◆ **What the task requires**
From the first line to the last, transcribe the data exactly and skip the pictures.

#### Information given ####

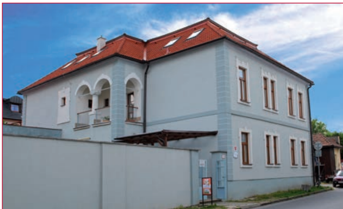
Budova Základnej umeleckej školy A. Cígera na Kostolnom námestí
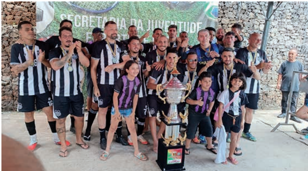
Central Paulista - vice-campeão
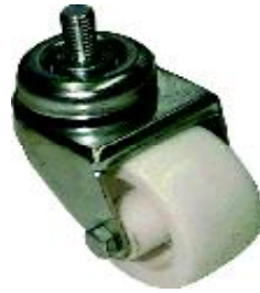
Spezial Apparaterollen Gewinde M10 Special apparatus castors with thread M10
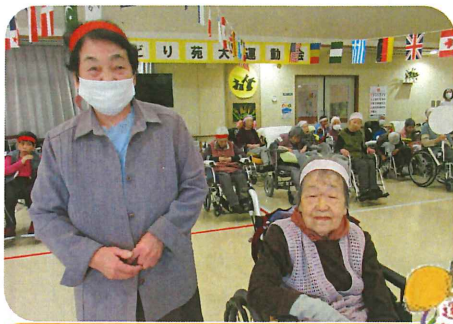
みどり苑運動会 10/13 (金) 大きな声で選手宣誓出来ました。
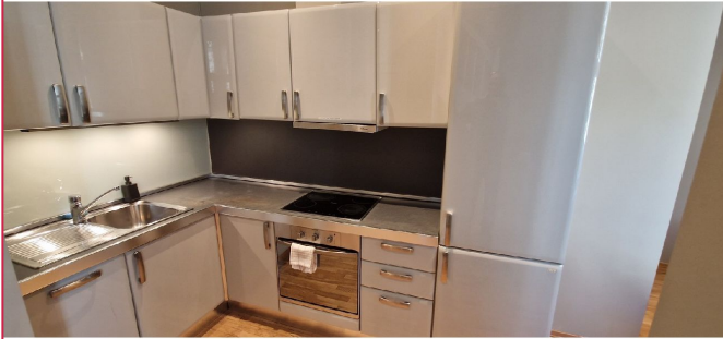
Flott kjøkken med god skap og benkeplass.
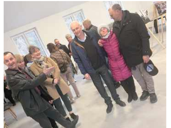
Zainteresowanie mieszkańców wernisazem było bardzo duże
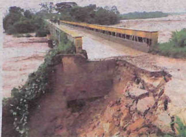
Crecida del río Pirai supera los 6 metros de altura.

"Hemos estado coordinando con Samaipata, con el director del hospital, y están evacuando a los cuatro pacientes que están en estado grave a Mairana. También ya se declaró la alerta roja en estos municipios y se está trayendo tanto al cirujano, al anestesiólogo, tanto de Vallegrande como de Comarapa", expresó la autoridad.
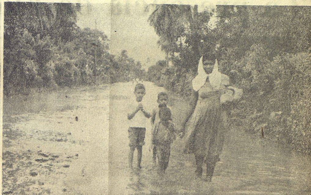
En La Julia, Bayamo, el agua ha ido bajando lentamente. El tránsito es posible pero en la forma que se aprecia en la foto: caminando entre fangales y charcos. Precisamente por este motivo se ha intensificado la vacunación de los residentes en zonas afectadas para prevenir epidemias.
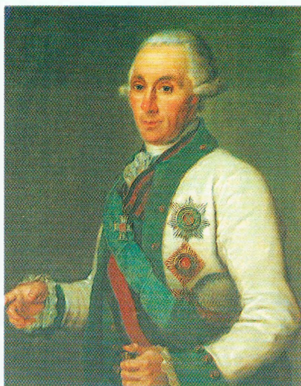
Адмирал С.К. Грейг, кавалер ордена Св. Георгия 2-й степени.
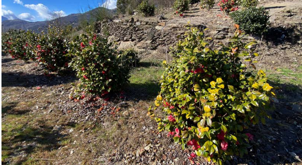
De bloeiende Camellia Duc d’Ursel in de kwekerij Savioli aan het Lago Maggiore
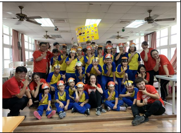
爭鮮壽司美食體驗活動
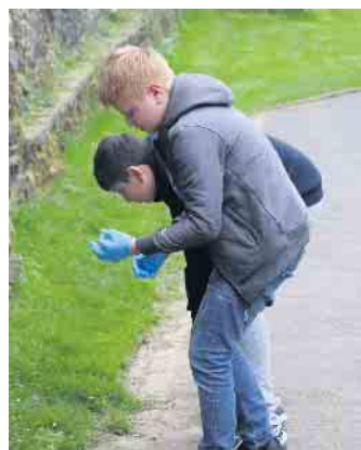
Akribisch suchten die Schüler das Gras ab.
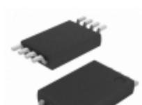
CAT25128YI-G ON Semiconductor IC EEPROM 128KBIT 10MHZ 8TSSOP
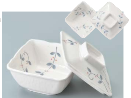
MB-917 NTK(南天唐草)角小鉢蓋
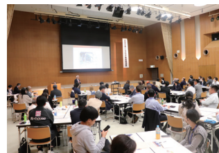
【ワクワク系実践講座】

今年度は、「ワクワク系」入門講演に続く実践講座（2023年4月～10月にかけて4回コース）を対面にて開催、当金庫の渉外担当者が実践講座に同席するとともに、その後も参加事業者様を継続して訪問し伴走支援に努めています。
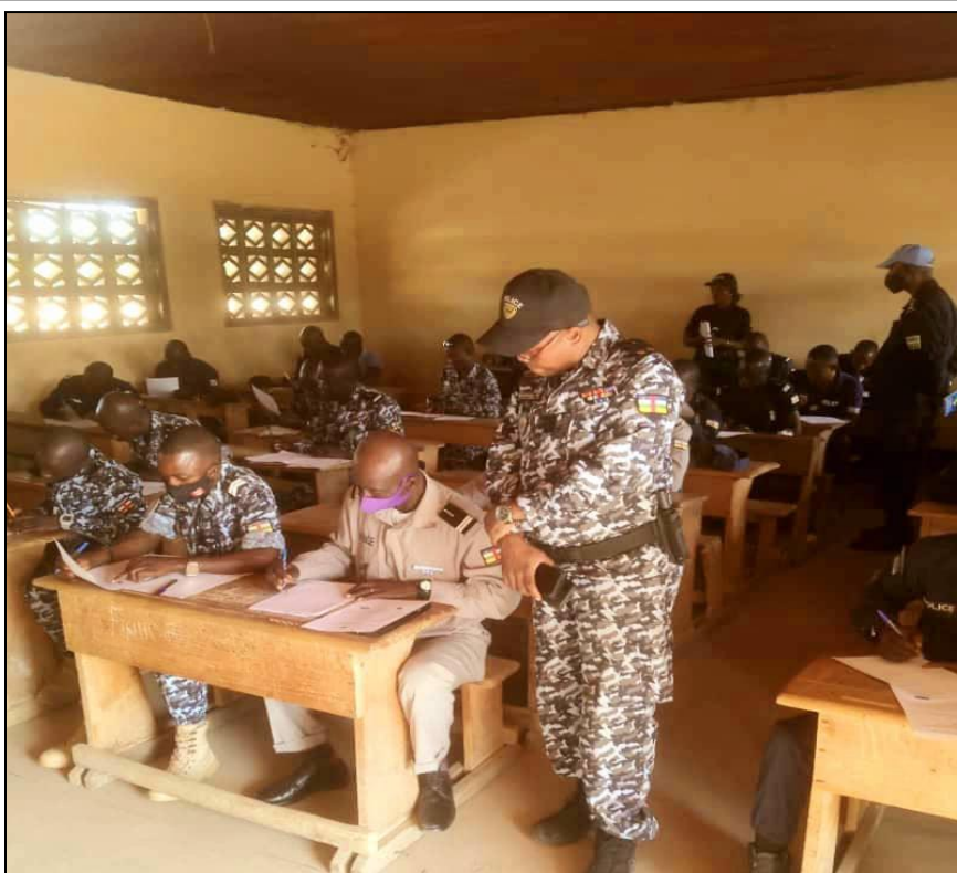
Test de sélection des FSI en vue de la formation d'officiers de Police Judiciaire

Le test de sélection de deux cents (200) Officiers de Police Judiciaire des FSI s'est tenu le 27 février, dans les 10 centres de composition retenus sur l'ensemble du territoire centrafricain. Organisé conjointement par la coordination de la Formation UNPOL et le PNUD, ce test permettra dans les prochains mois, la formation des candidats retenus en vue de renforcer les capacités des acteurs de la chaîne pénale en matière de procédure d'enquête. Au total 658 candidats ont répondu présents dans les centres d'écrits dont 55 femmes.
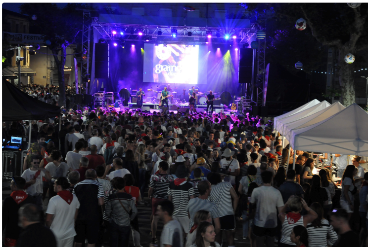
Pentecôtavic 2023 : distribution des bracelets gratuits et des laissez-passer à partir de lundi 15 mai

Dans le cadre des festivités de Pentecôtavic, le périmètre de la fête sera fermé et payant pendant 3 jours.
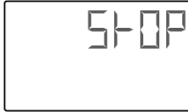
(Flash de transition d'1 sec)
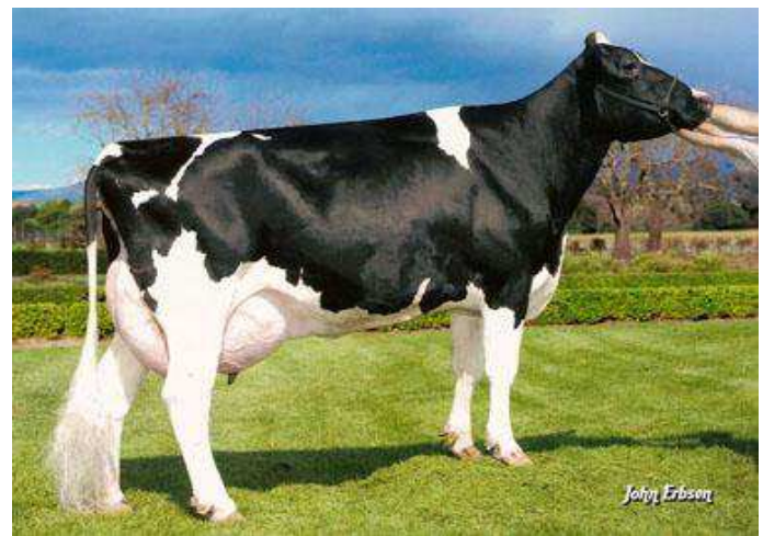
Bisabla: Morningview Fnlly Mikki-ET
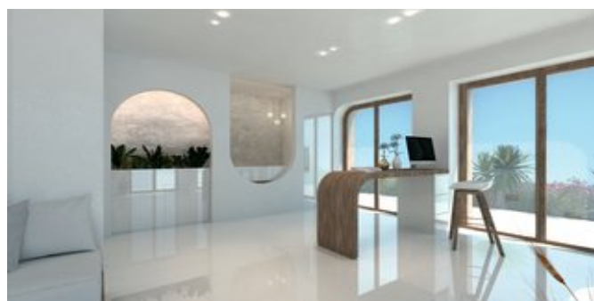
Die Rezeption (Modellskizze)
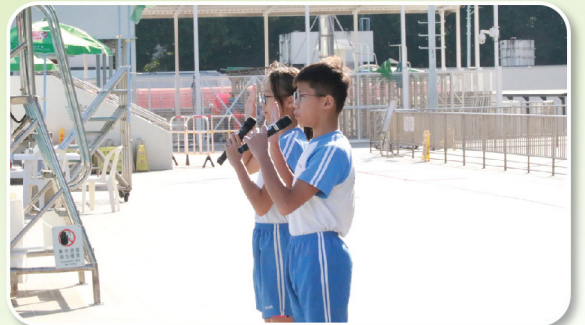
運動員代表同學宣誓，於比賽中實踐「南兒修為」和體育精神。
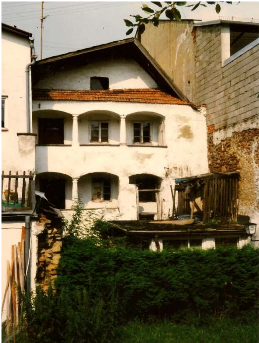
Rückseite des Hauses mit dem Säulengang im ersten und zweiten Stock des Hauses

Habe ich bereits von diesem Haus betreffs einer sehr traurigen Begebenheit im Jahre 1868, also vor 158 Jahren berichtet ( Doppelmord ), so kam es in diesem Hause Innerer Markt Nr: 5 - Seifensiederhaus - ( heute Hauptstraße Nr: 13 - Stadt - Imbiss ) auch zu einem erfreulichen Vorfall.
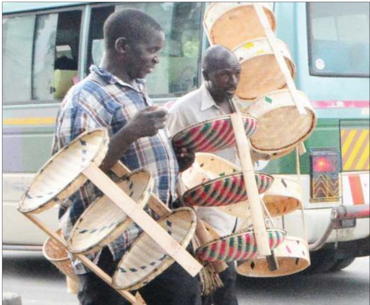
Wachuguzi wa vikapu wakisaka wateja katika eneo la Msimbazi centre, jijini Dar es Salaam jana.

Aisema ni vyema Nec ikaanza sasa kusimamia uchaguzi wa serikali za mitaa unaotarajiwa kufanyika Oktoba, mwaka huu.
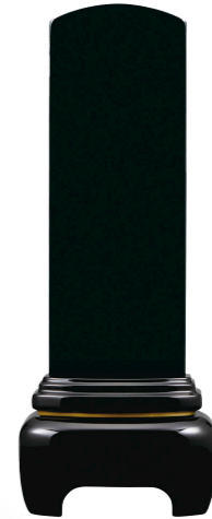
② モダン漆 K
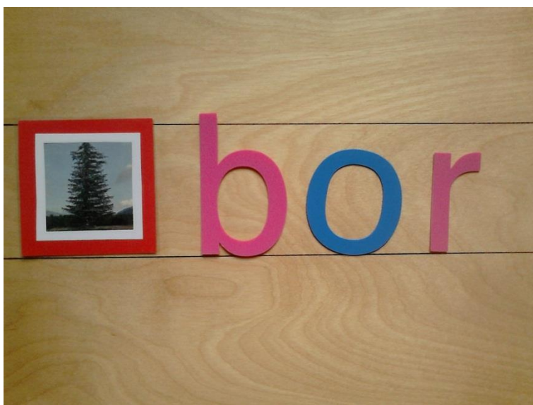
Slika 8. Pisanje pomoću pomične abecede i kartice sa slikama

####

◆ **Response to the exercise**
Budova Základnej umeleckej školy A. Cígera na Kostolnom námestí
Central Paulista - vice-campeão
Spezial Apparaterollen Gewinde M10 Special apparatus castors with thread M10
みどり苑運動会 10/13 (金) 大きな声で選手宣誓出来ました。
Flott kjøkken med god skap og benkeplass.
Zainteresowanie mieszkańców wernisazem było bardzo duże
Crecida del río Pirai supera los 6 metros de altura.

"Hemos estado coordinando con Samaipata, con el director del hospital, y están evacuando a los cuatro pacientes que están en estado grave a Mairana. También ya se declaró la alerta roja en estos municipios y se está trayendo tanto al cirujano, al anestesiólogo, tanto de Vallegrande como de Comarapa", expresó la autoridad.
En La Julia, Bayamo, el agua ha ido bajando lentamente. El tránsito es posible pero en la forma que se aprecia en la foto: caminando entre fangales y charcos. Precisamente por este motivo se ha intensificado la vacunación de los residentes en zonas afectadas para prevenir epidemias.
Адмирал С.К. Грейг, кавалер ордена Св. Георгия 2-й степени.
De bloeiende Camellia Duc d’Ursel in de kwekerij Savioli aan het Lago Maggiore
爭鮮壽司美食體驗活動
Akribisch suchten die Schüler das Gras ab.
CAT25128YI-G ON Semiconductor IC EEPROM 128KBIT 10MHZ 8TSSOP
MB-917 NTK(南天唐草)角小鉢蓋
【ワクワク系実践講座】

今年度は、「ワクワク系」入門講演に続く実践講座（2023年4月～10月にかけて4回コース）を対面にて開催、当金庫の渉外担当者が実践講座に同席するとともに、その後も参加事業者様を継続して訪問し伴走支援に努めています。
Test de sélection des FSI en vue de la formation d'officiers de Police Judiciaire

Le test de sélection de deux cents (200) Officiers de Police Judiciaire des FSI s'est tenu le 27 février, dans les 10 centres de composition retenus sur l'ensemble du territoire centrafricain. Organisé conjointement par la coordination de la Formation UNPOL et le PNUD, ce test permettra dans les prochains mois, la formation des candidats retenus en vue de renforcer les capacités des acteurs de la chaîne pénale en matière de procédure d'enquête. Au total 658 candidats ont répondu présents dans les centres d'écrits dont 55 femmes.
Pentecôtavic 2023 : distribution des bracelets gratuits et des laissez-passer à partir de lundi 15 mai

Dans le cadre des festivités de Pentecôtavic, le périmètre de la fête sera fermé et payant pendant 3 jours.
(Flash de transition d'1 sec)
Bisabla: Morningview Fnlly Mikki-ET
Die Rezeption (Modellskizze)
運動員代表同學宣誓，於比賽中實踐「南兒修為」和體育精神。
Rückseite des Hauses mit dem Säulengang im ersten und zweiten Stock des Hauses

Habe ich bereits von diesem Haus betreffs einer sehr traurigen Begebenheit im Jahre 1868, also vor 158 Jahren berichtet ( Doppelmord ), so kam es in diesem Hause Innerer Markt Nr: 5 - Seifensiederhaus - ( heute Hauptstraße Nr: 13 - Stadt - Imbiss ) auch zu einem erfreulichen Vorfall.
Wachuguzi wa vikapu wakisaka wateja katika eneo la Msimbazi centre, jijini Dar es Salaam jana.

Aisema ni vyema Nec ikaanza sasa kusimamia uchaguzi wa serikali za mitaa unaotarajiwa kufanyika Oktoba, mwaka huu.
② モダン漆 K
Slika 8. Pisanje pomoću pomične abecede i kartice sa slikama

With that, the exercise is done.